После Второй мировой войны число национальных государств существенно возросло. Если в 1950 году их было 91, то в 1980 году – уже 177, а после падения «железного занавеса» Организация Объединенных Наций (nomen est omen![280]
) насчитывала 193 государства-участника. По словам Тиле, за небольшими исключениями «вся планета сейчас покрыта (современными) национальными государствами». Однако он не считает это успехом, напротив, он утверждает, что идея национального государства «в целом ему видится в большей или меньшей степени провальной». Примеров «плохих» государств, как показывает Тиле, – легион, к их числу относится также и большинство государств, возникших после деколонизации. Так же как Виммер и Шиллер, он убежден, «что существующей системе национальных государств не удается найти удовлетворительное решение глобального кризиса с беженцами ни в Европе, ни в других местах», потому что «идея национального государства концептуально несовместима с всеобъемлющей и равноправной интеграцией новоприезжих»[281].Неудивительно, что Тиле оценивает национальное государство столь негативно, ведь он исходит – нигде прямо не говоря об этом – из модели иллиберального и этнически однородного национального государства. Понятно, что в таком государстве представители других этносов получают статус меньшинства, а потому в лучшем случае ограничиваются в правах и подвергаются дискриминации, а в худшем – их преследуют и уничтожают. Эта эскалация насилия, предопределенная государственной структурой, многократно воспроизводилась в истории, нагляднее всего в Германии, эволюционировавшей от идеи нации в первой половине XIX века до национализма кайзеровской империи и национал-социализма Третьего рейха. Поэтому Тиле предлагает наряду с моделями современного и национального государства третью модель – «демократического конституционного государства». Он признаёт, что все демократические конституционные государства сегодня еще остаются национальными государствами, но видит в этом лишь переходный период. Согласно его тезису, будущее принадлежит демократическому конституционному государству. Оно отличается от национального государства тем, что в нем позицию суверена занимает не народ, не большинство или элита, образующая высшую инстанцию, а конституция. Такую форму государственности Тиле характеризует как «укрощенного Левиафана», противопоставляя национальному государству, «прожорливому Левиафану».

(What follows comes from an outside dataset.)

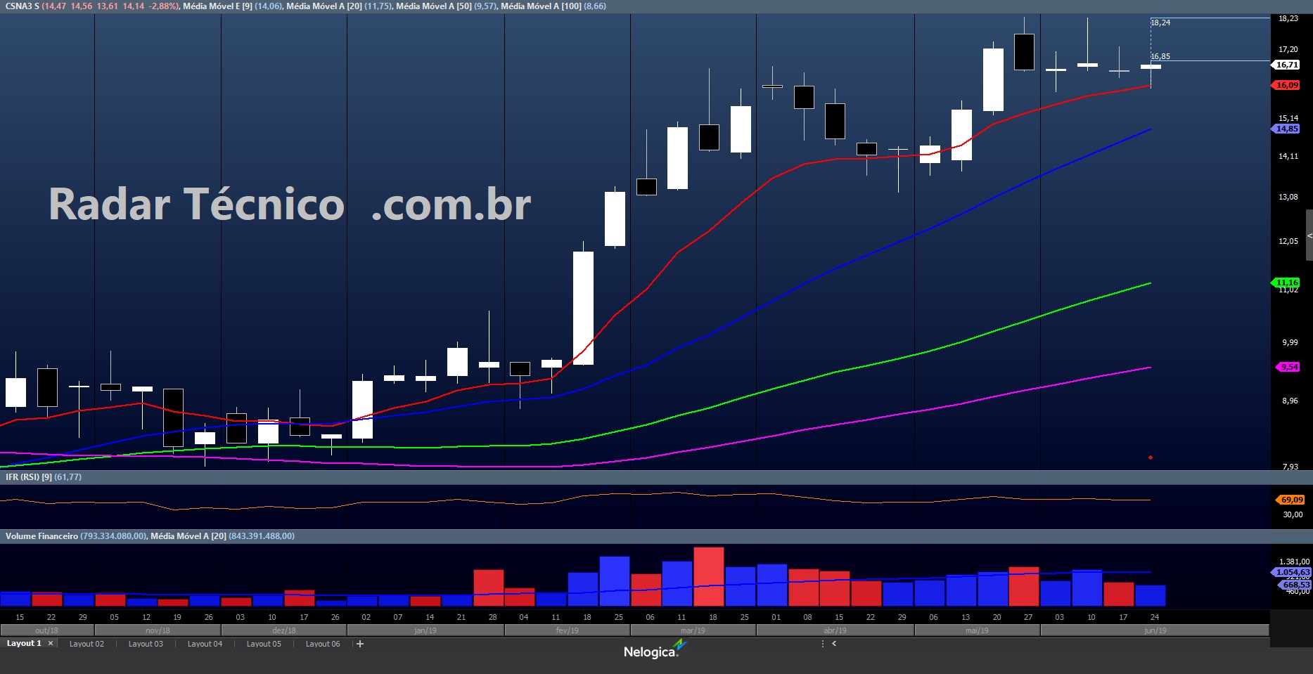 O papel CSNA3, com médias móveis de 9, 20, 50 e 100 períodos ordenadas e ascendentes, autoriza um possível trade, na superação de R$ 16,80, com alvo em R$ 18,24 e stop posicionado em R$ 15,97.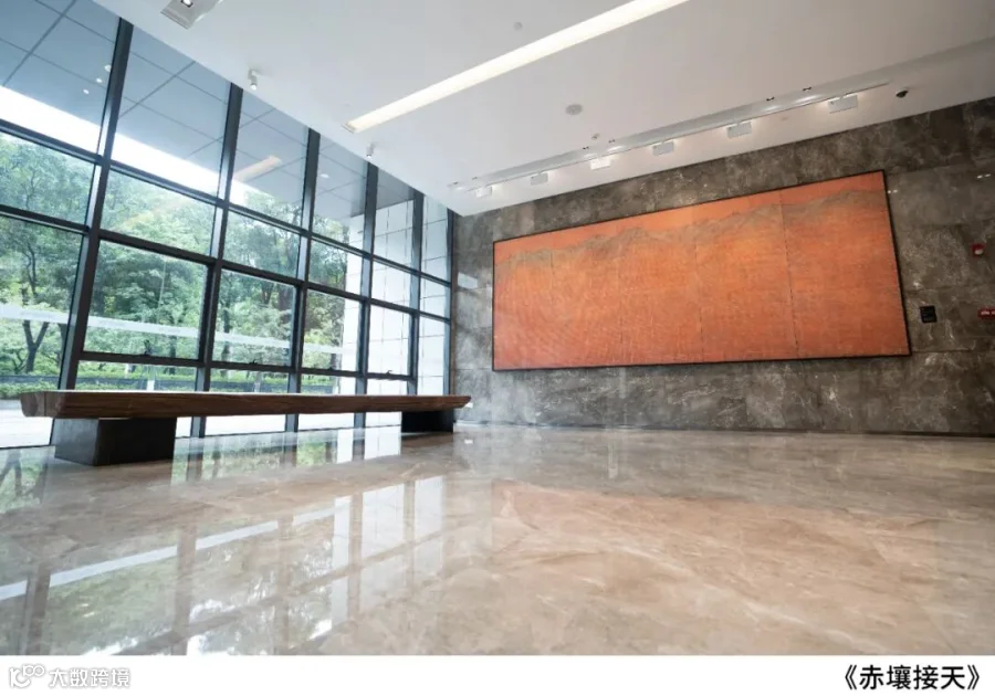 广州芯大厦将目光投向广阔的自然,从红、绿、蓝三原色入手,通过《赤壤接天》、《大道无界》和《心水润生》为产业空间绘色,探索人与自然、科技与艺术的亲密连接。

Тиле хотел бы сохранить современное государство, не дать ему раствориться в надгосударственных структурах вроде Европейской республики. Но от национального государства он желает избавиться: «Денационализация демократических конституционных государств – одна из задач, которыми должна заняться современная общая теория права». Денационализация есть нечто иное, чем устоявшееся представление о жизни в постнациональную эпоху. Она означает отделение нации от государства. То, что было соединено, начиная с XVIII века, должно быть, по мнению Тиле, вновь разъединено в XXI веке. При этом нации не следует упразднять, но они должны перестать играть роль центрального элемента, консолидирующего государство, чтобы на одной государственной территории «несколько наций чувствовали себя как дома». Теория государства и права должна предложить альтернативную модель денационализированного конституционного государства, даже если сегодня, как допускает автор, предпосылок для этого немного. Подобно тому как в эпоху секуляризации религия была объявлена частным делом каждого гражданина, в денационализированном конституционном государстве частным делом должна быть объявлена национальная принадлежность[282]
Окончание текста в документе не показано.